I grunt in agreement. “I’m concerned about the new guy. The one in the blue T-shirt and flannel.”
“You should be. He’s been drinking whiskey since four o’clock, and Cassie already had to give him an earful about an hour ago. He wouldn’t let up with Becca, even after she told him repeatedly that she likes girls and was here with her partner.”
“I’m sure Cassie made him regret that.” Cassie is only five three, but she was a Marine for ten years. She’s tough as nails and fiercely protective of her girlfriend.
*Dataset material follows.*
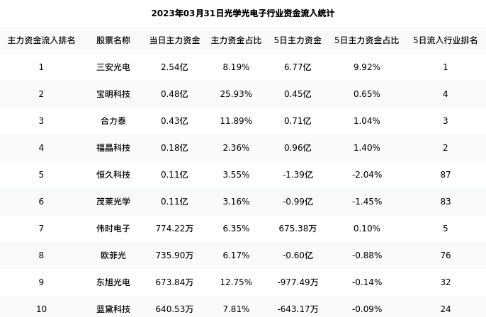 从主力资金流向来看,光学光电子行业今日主力资金流入49.95亿元,在所有申万二级行业中排名:107/737。

Toby chuckles. “He slunk away with his tail tucked between his legs pretty tight. Thought he was out of here, but guess he just went out for a smoke. He definitely perked up when your gypsy walked in.” He glances past me, amusement flickering in his eyes. “Though, looks like Benji’s giving him a run for his money.”
I swivel on my stool to see Violet twirling under Benji’s arm, laughing at something he’s just said like they’ve been friends for years. For his part, Old Benj is beaming, his round face flushed bright red. He continues to dance—badly—while talking Violet’s leg off in a voice not quite loud enough to be heard over the music.
The Heart song ends, and a Led Zeppelin classic takes its place, and still Benji and Violet are swaying hand in hand, apparently getting on like a house on fire, while the creep in the flannel prowls the edge of the dance floor, looking for an opening that’s not coming. I’m starting to think everything might be all right, when Benji cringes, his spine stiffening as he reaches down to clutch his right knee.
Violet lays a gentle hand on his back, clearly concerned, and murmurs something close to his ear. Benji shakes his head with a pained smile and motions toward the back hallway, where a single unisex toilet serves as the john for the entire bar. Violet tries to follow as he hobbles away, but Benji waves her off. Whether he’s faking the need for a bathroom break to cover for his bad knee or really has to take a leak, it doesn’t matter.